Jack Zipes (adaptation)/John Barth (introduction)
The Arabian Nights Volume II: More Marvels and Wonders of the Thousand and One Nights (Signet Classics)
John Barth's introduction to this edition of Scheherazade's classic tales is a classic unto itself. Ideally, a first-rate introduction is capable of piquing curiosity in the newbie and reawakening that same curiosity, but on a deeper level, in a reader who's previously read the book. Here, Barth succeeds on both counts, and he goes a step further by folding in autobiographical tidbits and, for those familiar with his body of work, clues about how The Arabian Nights has informed his unique brand of storytelling. Barth, who turns 80 in May, crafts an introduction-within-an-introduction to a book comprised of stories and stories-within-stories. It's a bit of literary bravura that leaves you with a deeper appreciation of Scheherazadean and Barthian style.
William L. Gresham
Nightmare Alley (New York Review Books)
Gresham, a Baltimore native, wrote this noir-ish tale of carny life and snake oil spiritualism in the mid-1940s. Though out of print for years, it's been adapted to film (the 1947 movie starred Tyrone Power), a graphic novel (by Spain Rodriguez in 2003), and a new musical (which opens this month in Los Angeles). This new edition (with intro by Nick Tosches) of Gresham's deliciously dark original will thrill fans of hard-boiled fiction by the likes of Jim Thompson and Dashiell Hammett. Protagonist Stan Carlisle graduates from carnival sideshows to high society séances, and Gresham pulls us into those worlds with extraordinary detail and a cast of characters that would make Freaks director Tod Browning envious. Carlisle's rise is gripping stuff, but his fall is even more dramatic, as Gresham neatly wraps up the story with electrifying precision and a startlingly creepy climax that's linked to the book's opening scene.
Theodore Kornweibel, Jr.
Railroads in the African American Experience: A Photographic Journey (Johns Hopkins)

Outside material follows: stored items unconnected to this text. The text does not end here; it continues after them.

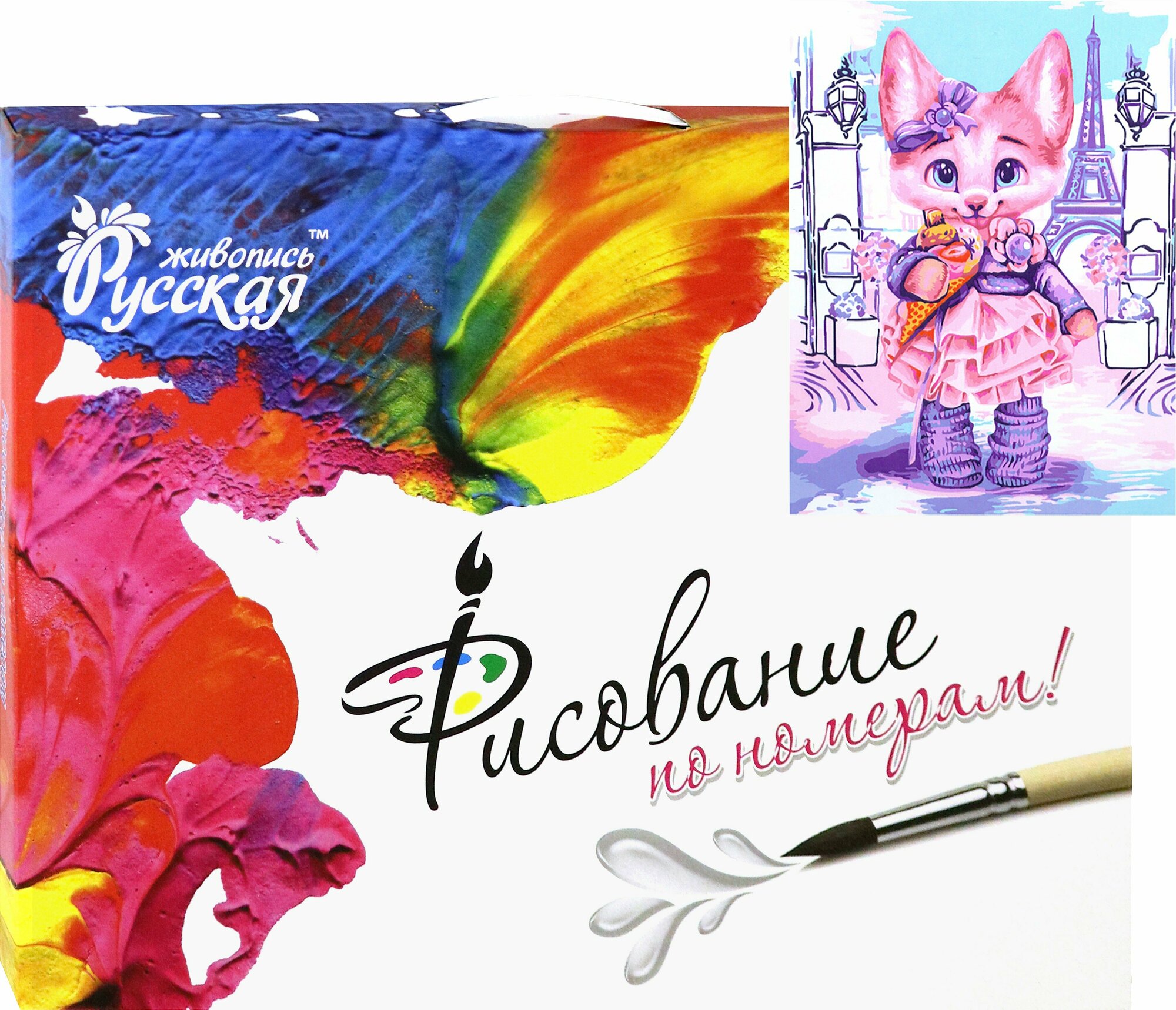 Состав: грунтованный холст с контурным изображением, в котором области пронумерованы цифрами, деревянный подрамник, плоский лайнер, комплект пронумерованных акриловых красок, комплект кистей (3 шт.) разной размерности, контрольный лист и инструкция, защитный лак.
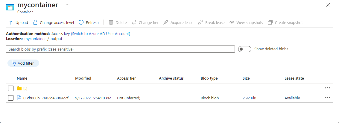 To view the output results, open the blob storage in the Visual Studio Code extension or in the Azure portal.
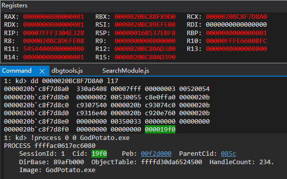 相关调试信息如下所示,可以看到目标 PID 为 GodPotato:
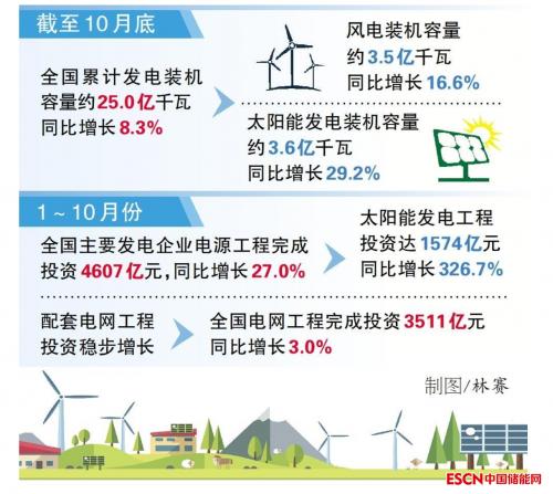 据悉,目前我国已具备完备的新能源全产业链体系,新能源开发建设成本不断下降,风电、光伏发电已全面进入平价无补贴、市场化发展的新阶段。今年以来,以沙漠、戈壁、荒漠地区为重点的大型风电光伏基地建设和屋顶分布式光伏开发建设提速,新能源投资明显加快。1~10月份,全国主要发电企业电源工程完成投资4607亿元,同比增长27.0%,其中,太阳能发电工程投资达1574亿元,同比增长326.7%。
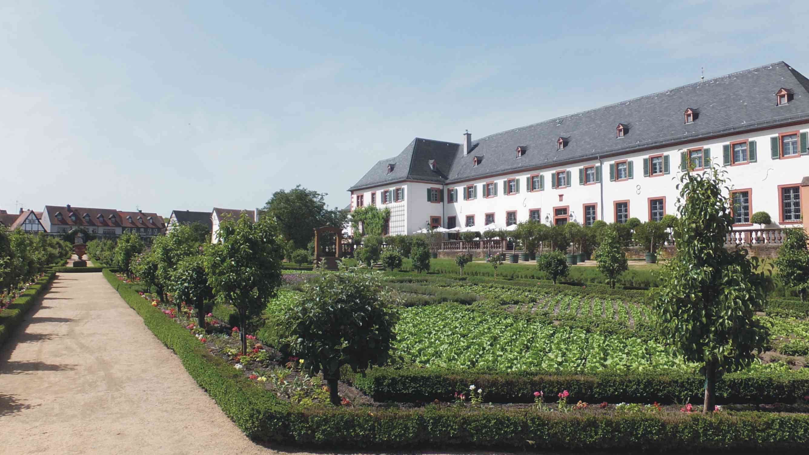 Nach knappen 20 km kam aber wieder etwas Besonderes. Wir erreichten Seligenstadt. Im Ortskern mit seinen schönen Fachwerkhäusern knubbelten sich die Touristen. Trotzdem gab es einen ruhigen Ort, an dem wir lange Pause machten; den wunderschönen Klostergarten der ehemaligen Benediktinerabtei. Im gepflegten Garten wuchsen neben Blumen und Kräutern auch Salat und Gemüse. Bei der drückenden Hitze war es eine Wohltat, sich hier zu erholen. Im angrenzenden Klostergarten tranken wir noch einen Eiskaffee. Hier gibt es eine Besonderheit. Das Cafe wird von Menschen mit Behinderung geführt. Hier war von Hektik keine Spur. Wir wurden sehr freundlich bedient und hätten, wenn es nicht so früh gewesen wäre, noch gerne von dem leckerern Kuchen probiert.
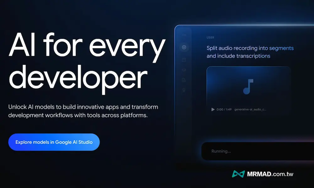 首先開啟瀏覽器後直接進入 Google AI Studio 網頁,並且點擊「Explore models in Google AI Studio」 按鈕進入。
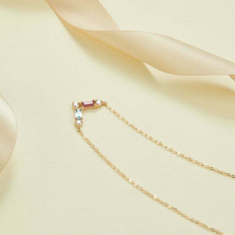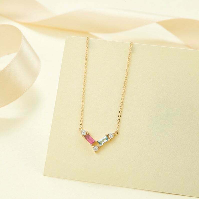 1ct Baguette Cut Pink Ruby Aquamarine V Shape Trendy Pendant 14k Yellow Gold Over
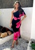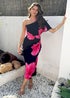 AX Paris Black & Magenta Floral Print One Sleeve Midi Dress
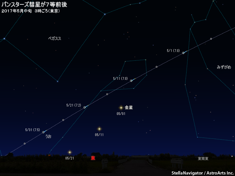 4月に引き続き5月も、パンスターズ彗星(C/2015 ER61)が明け方の東の空に見えている。7等前後と予想されるが、4月上旬の増光からどのような変化を見せているか注目したい。やや離れたところに明けの明星の金星が輝いているので、それを目印に彗星を探して、双眼鏡や天体望遠鏡で観察したり撮影したりしてみよう。
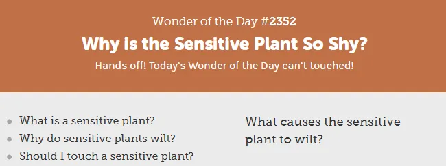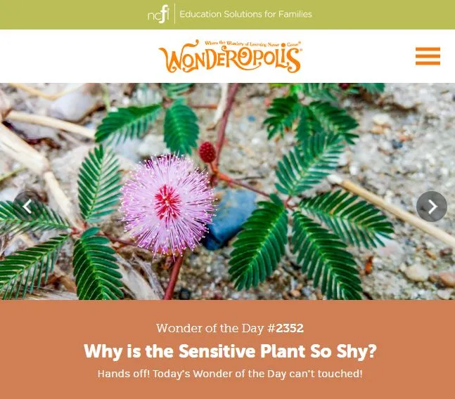 Wonderpolis是美国国立家庭读写中心的下属网站,是一个主要面向儿童的趣味科普教学网站,每天会有一个推荐文章,话题非常丰富,比如今天小E看到的话题就是”Why is the sensitive plant so shy(为什么有些植物那么害羞)”。
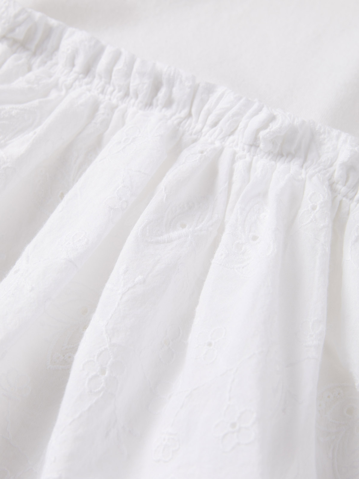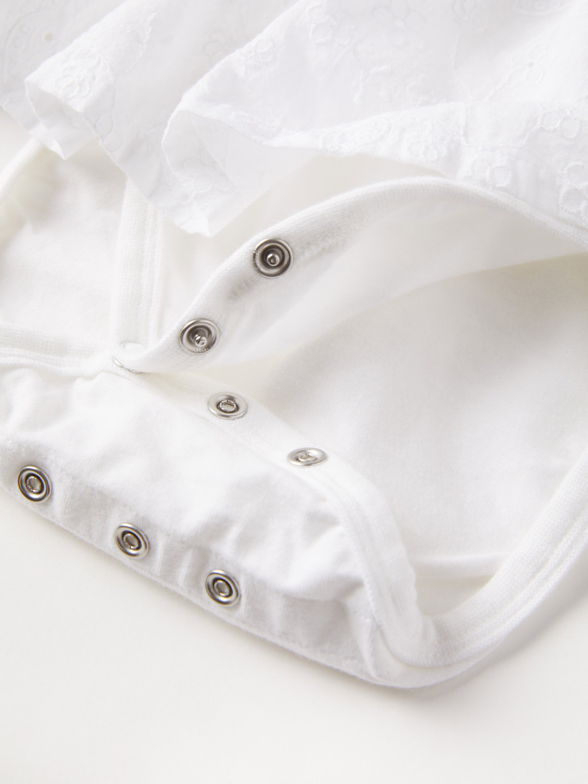 The bodysuit features lovely embroidery, and concealed snaps at the shoulder and crotch to facilitate dressing.
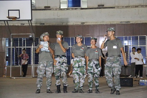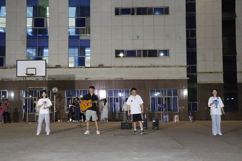 为激发新生军训斗志,展现商院魅力风采,湖南科技大学商学院于9月25日晚上7:30在湖南科技大学一区篮球场举行慰问演出。此次演出由湖南科技大学商学院文娱部主办,文工团承办。商学院学工办主任陈攀、团委书记崔皓以及全体教官、新生一同观看演出。
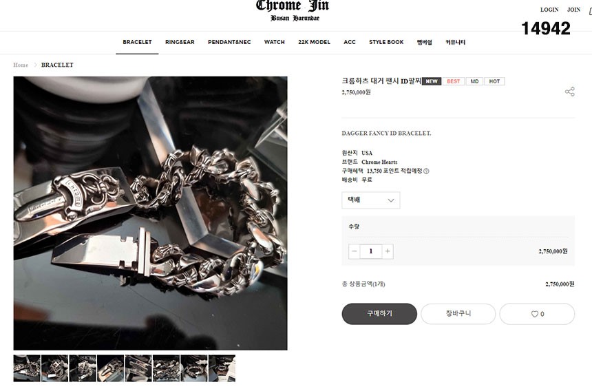 [Chrome Herts] 크롬하츠 대거 ID 팬시 팔찌 라지
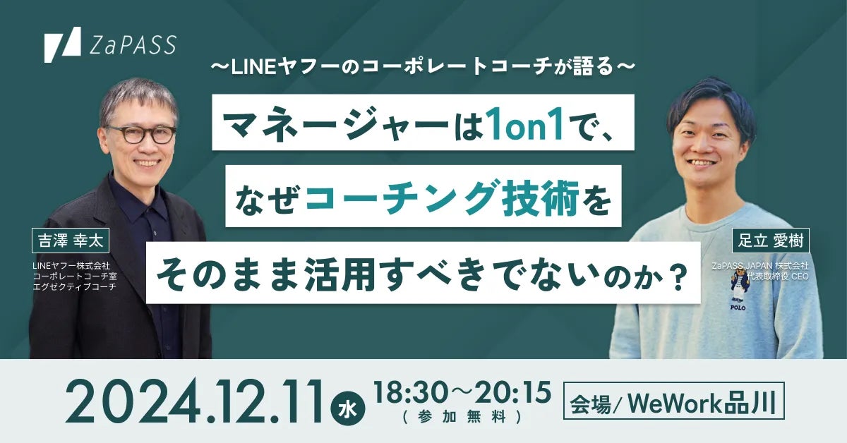 今回のリリースに合わせて、LINEヤフー株式会社 コーポレートコーチ室 エグゼクティブコーチで『1on1ミーティング「対話の質」が組織の強さを決める』の共著者でもある吉澤 幸太様をゲストにお招きし、無料セミナー「〜LINEヤフーのコーポレートコーチが語る〜 マネージャーは1on1で、なぜコーチング技術をそのまま活用すべきでないのか?」を12月11日(水)にWeWork 品川にて開催いたします。
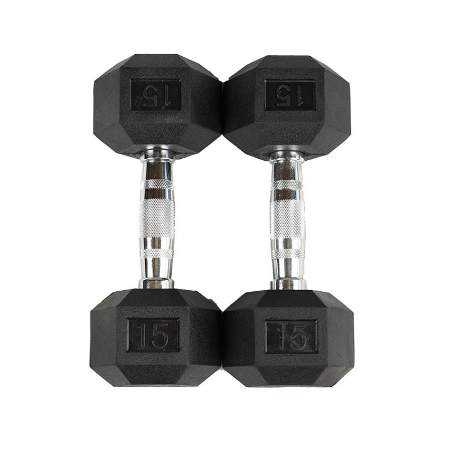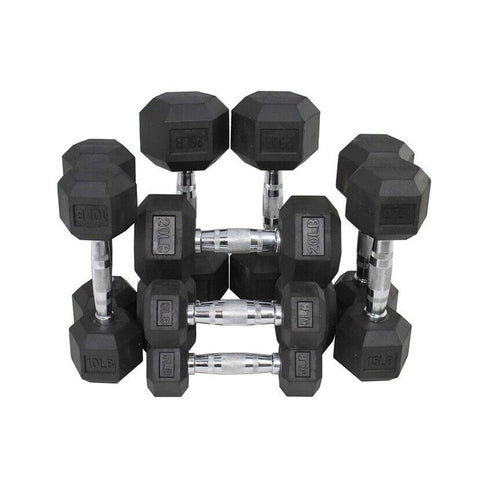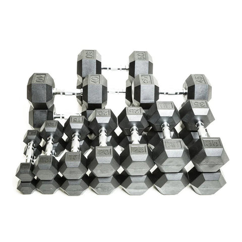 Warrior Rubber Hex Dumbbells are available individually, in pairs or in customizable sets.
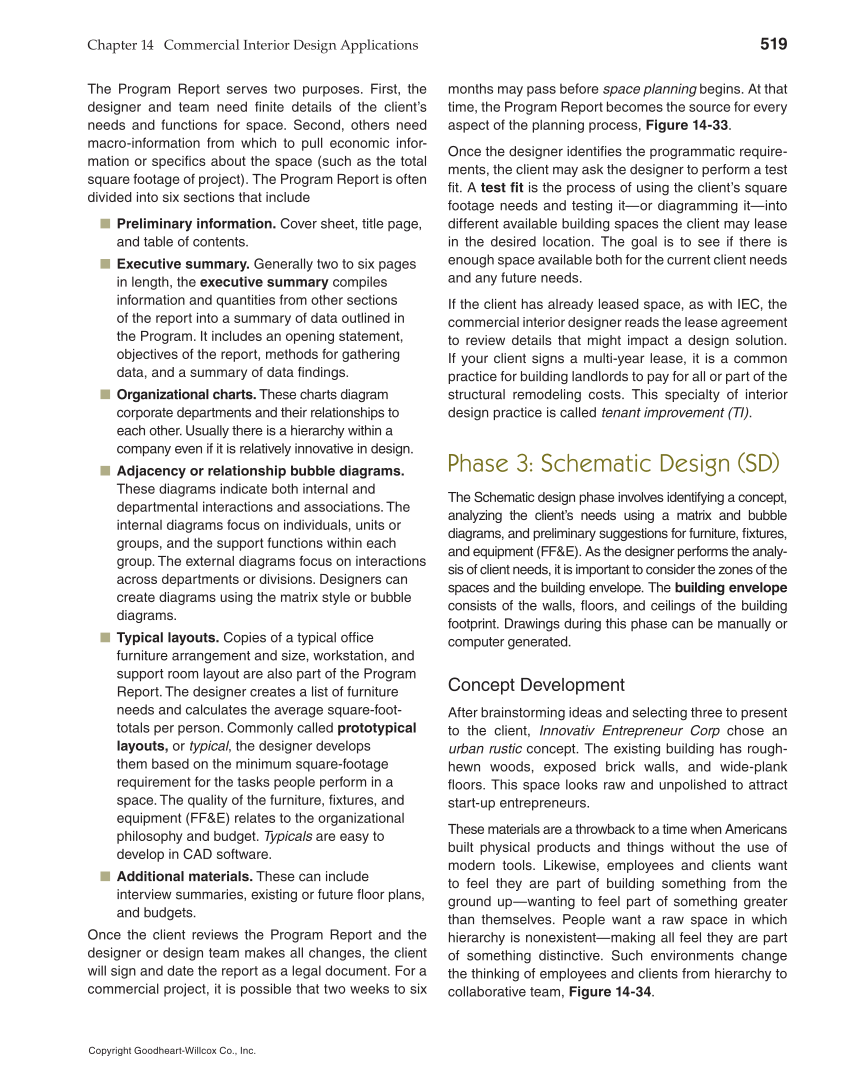 Chapter 14 Commercial Interior Design Applications 519 Copyright Goodheart-Willcox Co., Inc. The Program Report serves two purposes. First, the designer and team need fi nite details of the client’s needs and functions for space. Second, others need macro-information from which to pull economic infor- mation or specifi cs about the space (such as the total square footage of project). The Program Report is often divided into six sections that include ■ Preliminary information. Cover sheet, title page, and table of contents. ■ Executive summary. Generally two to six pages in length, the executive summary compiles information and quantities from other sections of the report into a summary of data outlined in the Program. It includes an opening statement, objectives of the report, methods for gathering data, and a summary of data fi ndings. ■ Organizational charts. These charts diagram corporate departments and their relationships to each other. Usually there is a hierarchy within a company even if it is relatively innovative in design. ■ Adjacency or relationship bubble diagrams. These diagrams indicate both internal and departmental interactions and associations. The internal diagrams focus on individuals, units or groups, and the support functions within each group. The external diagrams focus on interactions across departments or divisions. Designers can create diagrams using the matrix style or bubble diagrams. ■ Typical layouts. Copies of a typical offi ce furniture arrangement and size, workstation, and support room layout are also part of the Program Report. The designer creates a list of furniture needs and calculates the average square-foot- totals per person. Commonly called prototypical layouts, or typical, the designer develops them based on the minimum square-footage requirement for the tasks people perform in a space. The quality of the furniture, fi xtures, and equipment (FF&E) relates to the organizational philosophy and budget. Typicals are easy to develop in CAD software. ■ Additional materials. These can include interview summaries, existing or future fl oor plans, and budgets. Once the client reviews the Program Report and the designer or design team makes all changes, the client will sign and date the report as a legal document. For a commercial project, it is possible that two weeks to six months may pass before space planning begins. At that time, the Program Report becomes the source for every aspect of the planning process, Figure 14-33. Once the designer identifi es the programmatic require- ments, the client may ask the designer to perform a test fi t. A test fi t is the process of using the client’s square footage needs and testing it—or diagramming it—into different available building spaces the client may lease in the desired location. The goal is to see if there is enough space available both for the current client needs and any future needs. If the client has already leased space, as with IEC, the commercial interior designer reads the lease agreement to review details that might impact a design solution. If your client signs a multi-year lease, it is a common practice for building landlords to pay for all or part of the structural remodeling costs. This specialty of interior design practice is called tenant improvement (TI). Phase 3: Schematic Design (SD) The Schematic design phase involves identifying a concept, analyzing the client’s needs using a matrix and bubble diagrams, and preliminary suggestions for furniture, fi xtures, and equipment (FF&E). As the designer performs the analy- sis of client needs, it is important to consider the zones of the spaces and the building envelope. The building envelope consists of the walls, fl oors, and ceilings of the building footprint. Drawings during this phase can be manually or computer generated. Concept Development After brainstorming ideas and selecting three to present to the client, Innovativ Entrepreneur Corp chose an urban rustic concept. The existing building has rough- hewn woods, exposed brick walls, and wide-plank fl oors. This space looks raw and unpolished to attract start-up entrepreneurs. These materials are a throwback to a time when Americans built physical products and things without the use of modern tools. Likewise, employees and clients want to feel they are part of building something from the ground up—wanting to feel part of something greater than themselves. People want a raw space in which hierarchy is nonexistent—making all feel they are part of something distinctive. Such environments change the thinking of employees and clients from hierarchy to collaborative team, Figure 14-34.

A. Philip Randolph and the Brotherhood of Sleeping Car Porters may not get the same play as, say, Rosa Parks, but they were no less important in the Civil Rights struggle. This handsome volume implicitly makes that point as it documents the vital role railroads have played in African-American culture. Kornweibel writes with the meticulous sweep of a historian, and hundreds of amazing photographs and related ephemera help tell the story, from laying track to Amtrak. The railroad companies' own promotional photographs from the 1940s and 1950s, showing an all-black staff serving all-white customers (with smiles all around), are disquieting, but they also illustrate how African-Americans came to change the railroad system, and the country as a whole.